### [Requirement]
Should pictures appear among the records, leave them out, and copy exactly only the lines from the first through the one with "HOME お知らせ 2026年2月のお休み2026年2月のお休み2026年1月27日(火)2026年1月21日(水)お知らせ", inclusive.

### [Data excerpts]
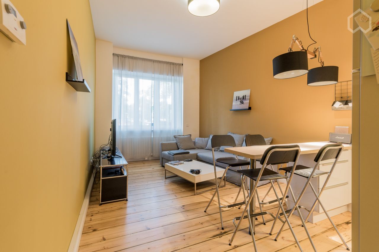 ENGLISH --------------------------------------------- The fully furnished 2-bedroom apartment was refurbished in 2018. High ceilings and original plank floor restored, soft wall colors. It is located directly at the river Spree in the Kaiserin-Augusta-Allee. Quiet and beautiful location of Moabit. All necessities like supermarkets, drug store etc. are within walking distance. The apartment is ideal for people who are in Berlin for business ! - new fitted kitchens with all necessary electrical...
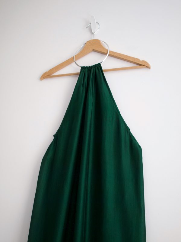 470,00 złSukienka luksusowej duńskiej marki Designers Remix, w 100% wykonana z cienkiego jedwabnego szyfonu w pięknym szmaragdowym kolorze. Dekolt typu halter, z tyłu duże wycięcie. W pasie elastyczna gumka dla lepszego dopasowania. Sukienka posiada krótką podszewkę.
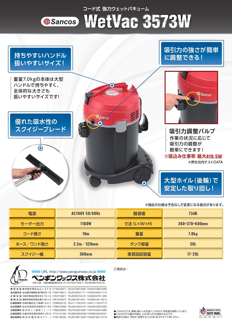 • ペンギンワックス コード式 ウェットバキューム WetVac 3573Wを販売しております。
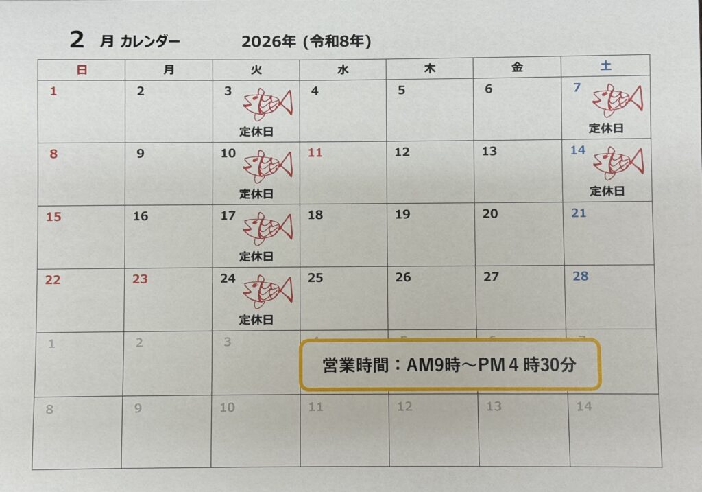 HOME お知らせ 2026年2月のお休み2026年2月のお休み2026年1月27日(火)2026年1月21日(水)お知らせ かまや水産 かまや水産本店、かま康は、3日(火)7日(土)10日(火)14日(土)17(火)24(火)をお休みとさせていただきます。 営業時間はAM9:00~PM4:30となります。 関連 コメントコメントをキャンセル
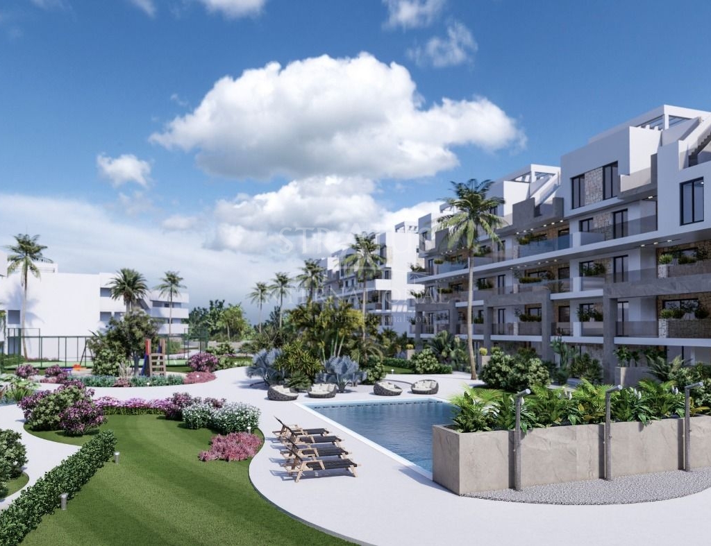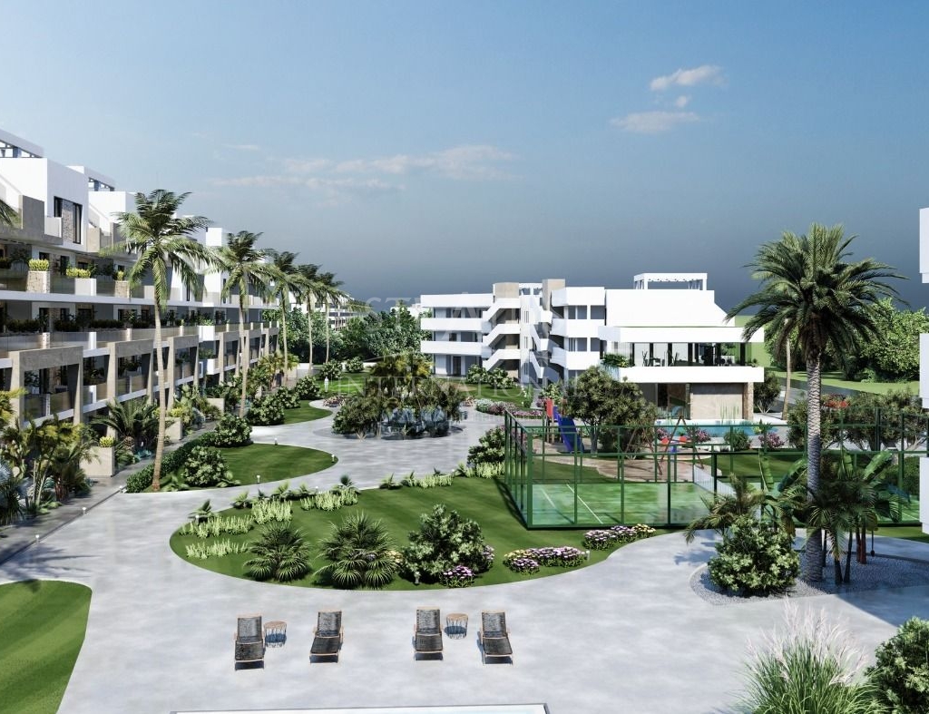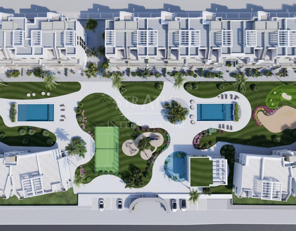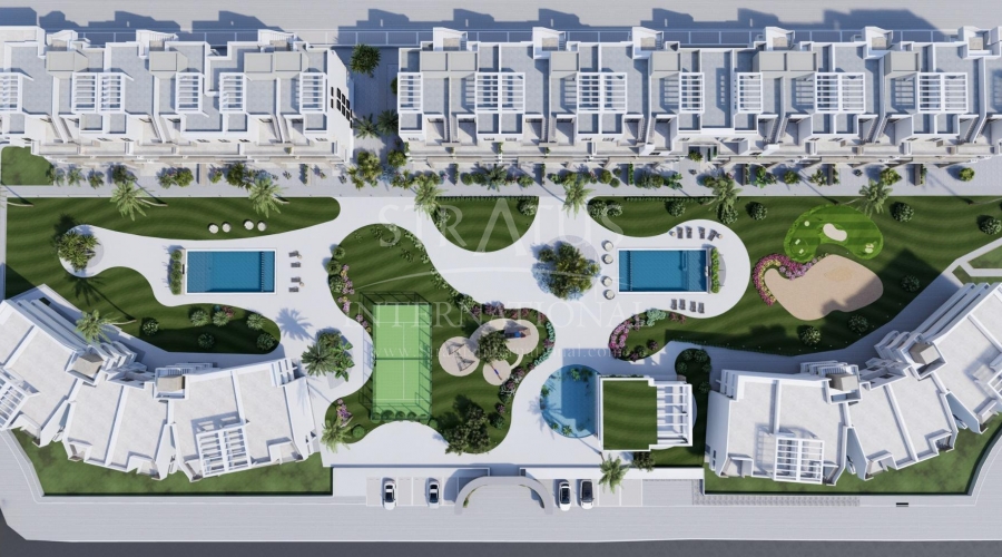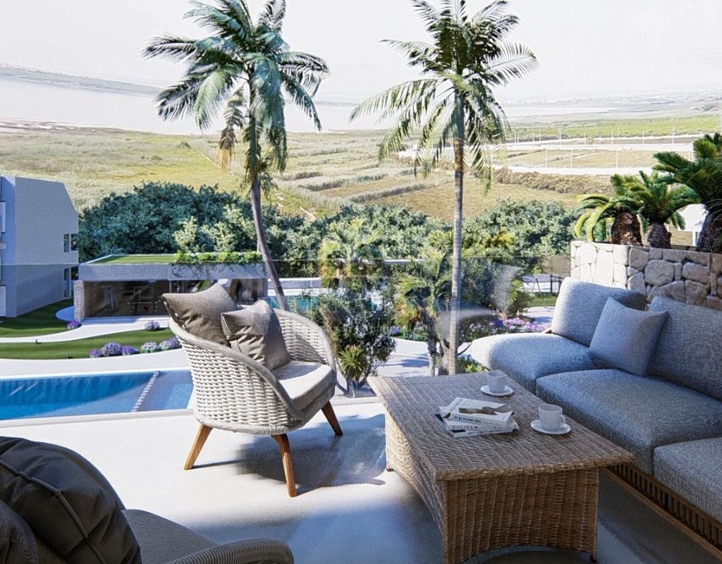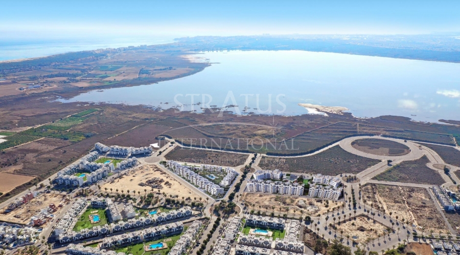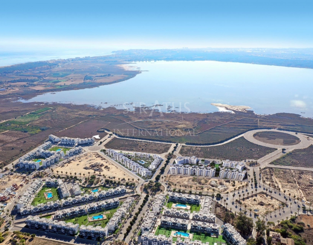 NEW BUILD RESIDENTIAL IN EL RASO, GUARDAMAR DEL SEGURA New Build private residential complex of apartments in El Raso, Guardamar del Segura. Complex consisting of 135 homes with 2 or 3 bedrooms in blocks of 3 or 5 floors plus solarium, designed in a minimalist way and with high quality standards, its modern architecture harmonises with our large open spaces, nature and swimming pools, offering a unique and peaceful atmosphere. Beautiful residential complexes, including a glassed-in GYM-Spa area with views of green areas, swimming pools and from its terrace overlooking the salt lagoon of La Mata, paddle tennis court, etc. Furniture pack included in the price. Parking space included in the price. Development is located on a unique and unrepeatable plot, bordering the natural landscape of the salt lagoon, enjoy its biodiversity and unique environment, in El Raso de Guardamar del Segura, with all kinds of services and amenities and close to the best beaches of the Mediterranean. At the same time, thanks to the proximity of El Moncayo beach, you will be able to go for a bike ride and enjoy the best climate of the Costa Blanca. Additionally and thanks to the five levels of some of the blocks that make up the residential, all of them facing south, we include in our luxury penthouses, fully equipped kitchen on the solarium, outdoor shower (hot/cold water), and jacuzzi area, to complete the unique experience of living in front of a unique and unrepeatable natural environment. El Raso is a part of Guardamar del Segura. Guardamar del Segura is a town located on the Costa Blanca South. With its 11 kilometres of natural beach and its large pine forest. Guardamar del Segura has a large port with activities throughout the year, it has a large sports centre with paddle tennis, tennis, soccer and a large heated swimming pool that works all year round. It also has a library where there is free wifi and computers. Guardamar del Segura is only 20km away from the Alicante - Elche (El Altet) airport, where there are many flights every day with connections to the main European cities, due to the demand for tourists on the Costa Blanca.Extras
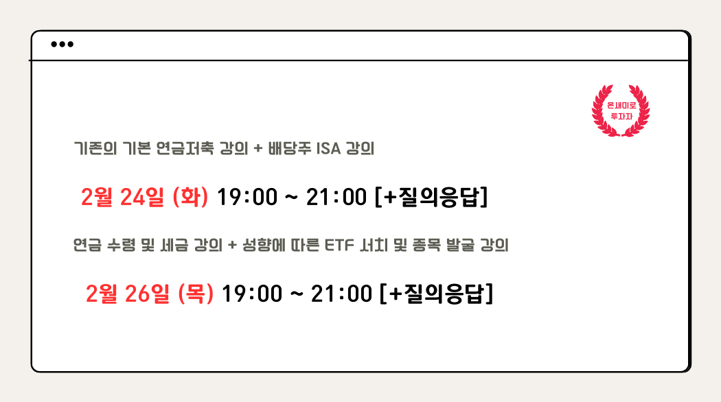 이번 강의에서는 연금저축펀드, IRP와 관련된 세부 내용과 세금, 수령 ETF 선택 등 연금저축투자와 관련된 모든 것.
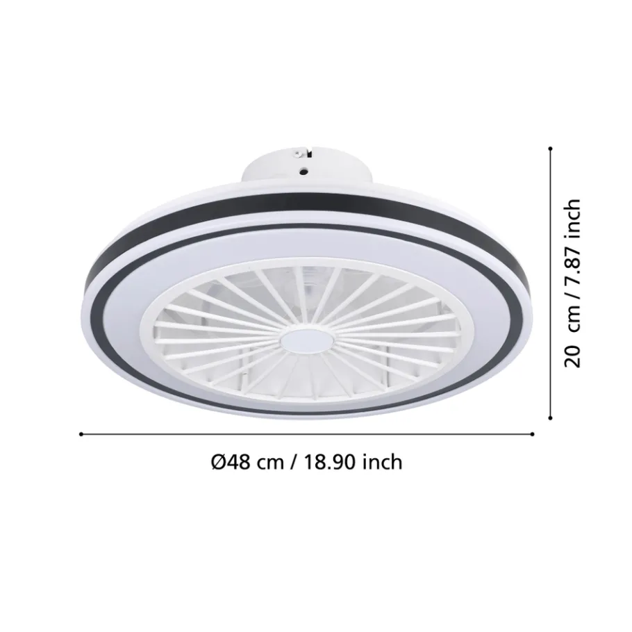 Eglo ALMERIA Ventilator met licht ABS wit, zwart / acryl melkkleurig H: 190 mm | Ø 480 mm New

### [Problem solution]
 ENGLISH --------------------------------------------- The fully furnished 2-bedroom apartment was refurbished in 2018. High ceilings and original plank floor restored, soft wall colors. It is located directly at the river Spree in the Kaiserin-Augusta-Allee. Quiet and beautiful location of Moabit. All necessities like supermarkets, drug store etc. are within walking distance. The apartment is ideal for people who are in Berlin for business ! - new fitted kitchens with all necessary electrical...
 470,00 złSukienka luksusowej duńskiej marki Designers Remix, w 100% wykonana z cienkiego jedwabnego szyfonu w pięknym szmaragdowym kolorze. Dekolt typu halter, z tyłu duże wycięcie. W pasie elastyczna gumka dla lepszego dopasowania. Sukienka posiada krótką podszewkę.
 • ペンギンワックス コード式 ウェットバキューム WetVac 3573Wを販売しております。
 HOME お知らせ 2026年2月のお休み2026年2月のお休み2026年1月27日(火)2026年1月21日(水)お知らせ かまや水産 かまや水産本店、かま康は、3日(火)7日(土)10日(火)14日(土)17(火)24(火)をお休みとさせていただきます。 営業時間はAM9:00~PM4:30となります。 関連 コメントコメントをキャンセル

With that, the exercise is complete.